### TASK ITEM
A faithful copy is needed of the lines below from the one with "Watercolor painting depicting" up to and including the one with "這是9月26日無人機拍攝的成功合龍的平塘特大橋。新華社記者陶亮攝"; set it down with no pictures and no other lines.

### MATERIAL FOR THIS TASK
'''

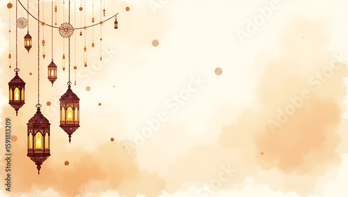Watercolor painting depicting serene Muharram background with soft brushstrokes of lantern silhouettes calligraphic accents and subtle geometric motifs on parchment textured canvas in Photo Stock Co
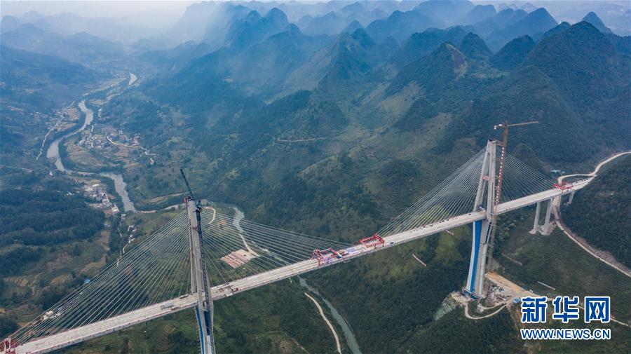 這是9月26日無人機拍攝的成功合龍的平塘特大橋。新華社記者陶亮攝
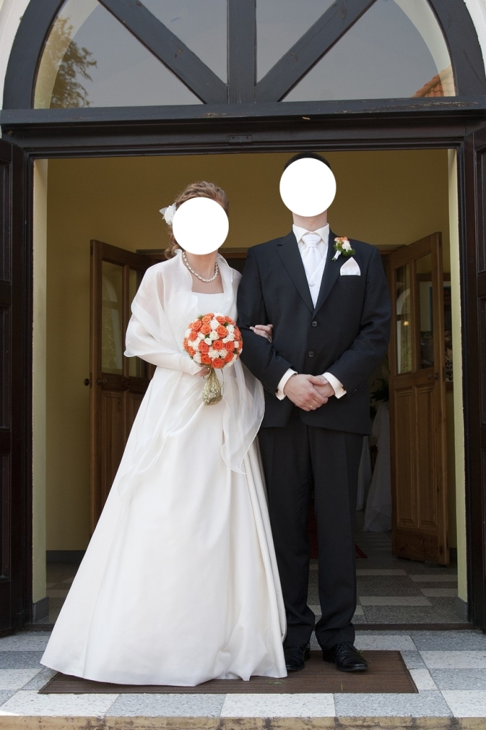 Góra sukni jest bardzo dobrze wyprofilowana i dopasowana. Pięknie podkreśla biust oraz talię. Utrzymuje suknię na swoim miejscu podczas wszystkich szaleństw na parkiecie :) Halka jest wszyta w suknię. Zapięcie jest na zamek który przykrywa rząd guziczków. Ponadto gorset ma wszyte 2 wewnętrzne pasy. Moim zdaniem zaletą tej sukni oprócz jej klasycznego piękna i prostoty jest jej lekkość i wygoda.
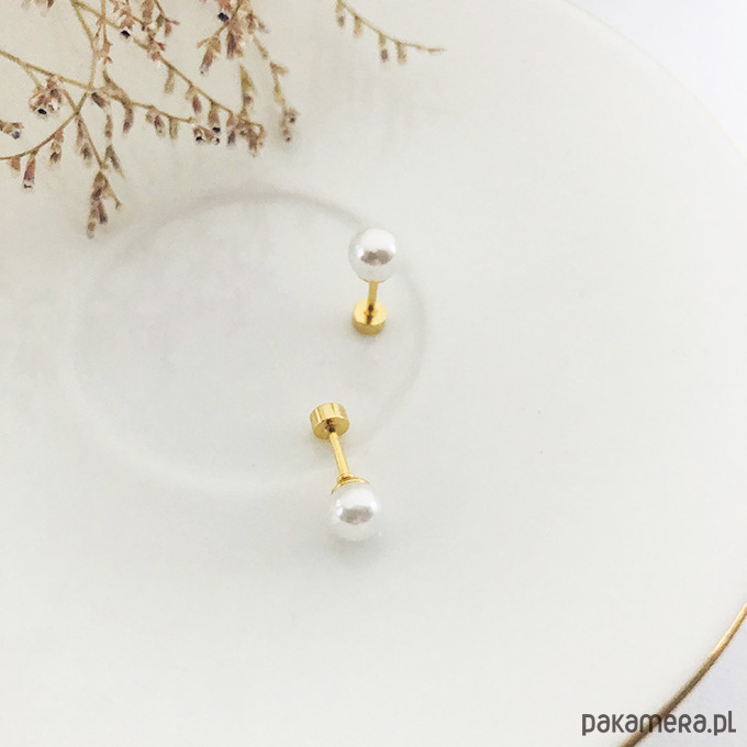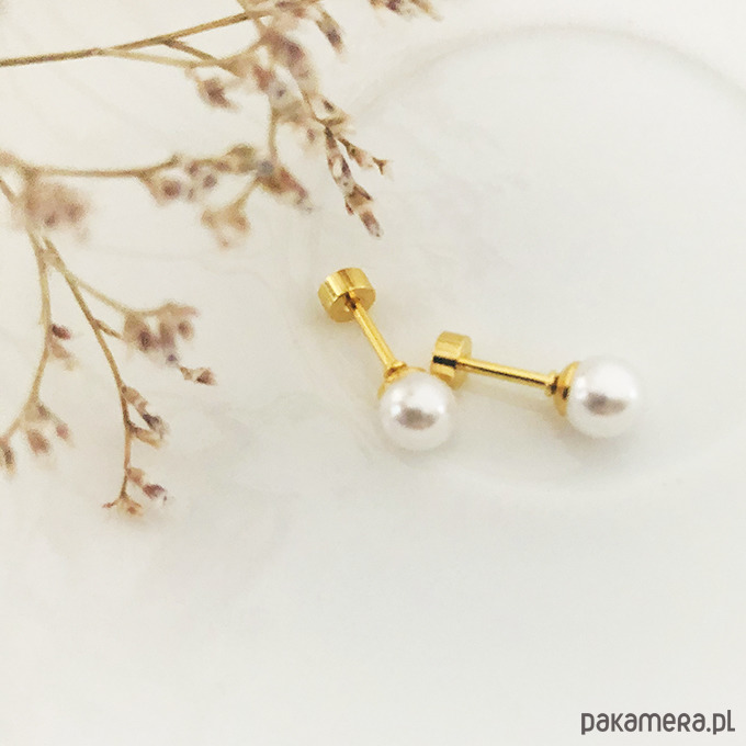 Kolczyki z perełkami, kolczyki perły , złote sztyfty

'''
'''

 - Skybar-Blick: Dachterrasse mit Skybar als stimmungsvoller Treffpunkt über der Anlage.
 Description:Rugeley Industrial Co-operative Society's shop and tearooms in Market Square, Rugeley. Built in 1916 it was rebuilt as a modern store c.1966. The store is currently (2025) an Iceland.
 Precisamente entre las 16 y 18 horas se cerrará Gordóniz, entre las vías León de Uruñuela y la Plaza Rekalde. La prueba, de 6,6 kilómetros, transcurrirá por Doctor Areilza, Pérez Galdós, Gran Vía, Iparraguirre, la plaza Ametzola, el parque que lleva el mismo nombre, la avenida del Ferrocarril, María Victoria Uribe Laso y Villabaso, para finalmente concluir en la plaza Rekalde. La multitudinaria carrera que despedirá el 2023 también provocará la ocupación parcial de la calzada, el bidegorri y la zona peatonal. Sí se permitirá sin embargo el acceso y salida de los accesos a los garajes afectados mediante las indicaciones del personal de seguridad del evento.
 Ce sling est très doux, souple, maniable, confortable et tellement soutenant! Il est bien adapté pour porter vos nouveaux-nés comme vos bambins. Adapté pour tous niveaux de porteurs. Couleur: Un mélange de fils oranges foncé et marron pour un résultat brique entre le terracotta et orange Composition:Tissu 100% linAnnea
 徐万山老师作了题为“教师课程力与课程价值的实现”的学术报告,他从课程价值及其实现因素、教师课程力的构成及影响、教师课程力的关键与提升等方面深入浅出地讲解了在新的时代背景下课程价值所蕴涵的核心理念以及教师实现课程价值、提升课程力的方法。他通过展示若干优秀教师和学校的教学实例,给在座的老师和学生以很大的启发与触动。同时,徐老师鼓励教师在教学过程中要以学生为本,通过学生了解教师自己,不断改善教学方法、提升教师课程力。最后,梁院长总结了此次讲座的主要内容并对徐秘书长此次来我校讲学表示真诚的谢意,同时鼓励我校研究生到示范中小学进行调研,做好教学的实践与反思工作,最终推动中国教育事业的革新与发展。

'''

### ANSWER TO THIS PROBLEM
Watercolor painting depicting serene Muharram background with soft brushstrokes of lantern silhouettes calligraphic accents and subtle geometric motifs on parchment textured canvas in Photo Stock Co
 這是9月26日無人機拍攝的成功合龍的平塘特大橋。新華社記者陶亮攝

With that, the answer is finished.